# OK car seat experts... UPDATED



## tiqa (Feb 8, 2012)

... We have a 2008 Civic, and two kids in booster seats, and expecting another baby at the end of the year. We are short on funds at the moment BUT I feel the need to shell out on three seats at once. (Yikes.) My kids are almost 5 and 5.5, about average for their age I guess. They are in backless boosters since DH thought they were old enough - and they are pretty good about sitting up straight and not slouching etc - but I would prefer them to be in a high backed booster. And of course the baby needs a new seat. I don't need a travel stroller thingie; we don't really use strollers and just use baby carriers.
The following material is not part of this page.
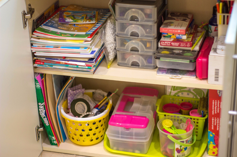 Кстати, все материалы да и сами творческие процессы плавно перекочевали на кухню. И заняли шкаф под окном. Правда сейчас я доделываю зону творчества еще и для Таси в детской, и часть коробочек и баночек отсюда переехала.

I need to figure out the most economical way to get three across where they all have the ability to buckle themselves. (Well, baby obviously excluded.) It's kind of hard to buckle themselves as it is because the seat belt thingies are always hiding under the boosters... but they're pretty good with it right now. I'm not sure how that would work out if they were back in high backs WITH the baby seat in the middle... How does that work? (They can even buckle more easily than I can crawl in there myself to do it for them anyway. We do a lot of short in-and-out trips around town so I'd be in there half the day buckling and unbuckling them if they can't do it for themselves.

Suggestions?


----------



## chickabiddy (Jan 30, 2004)

What are the kids' sizes? To be honest, the best way to work a tight three-across is to put the kids in harnessed seats (most 5yos can still fit in harnessed seats) There may be blood, sweat, tears, and bad words getting seats three-across a Civic, but the good thing is that once the seats are in, they stay in, and all buckling is done up front in the seat instead of trying to wedge your hands between the seats to buckle.


----------



## tiqa (Feb 8, 2012)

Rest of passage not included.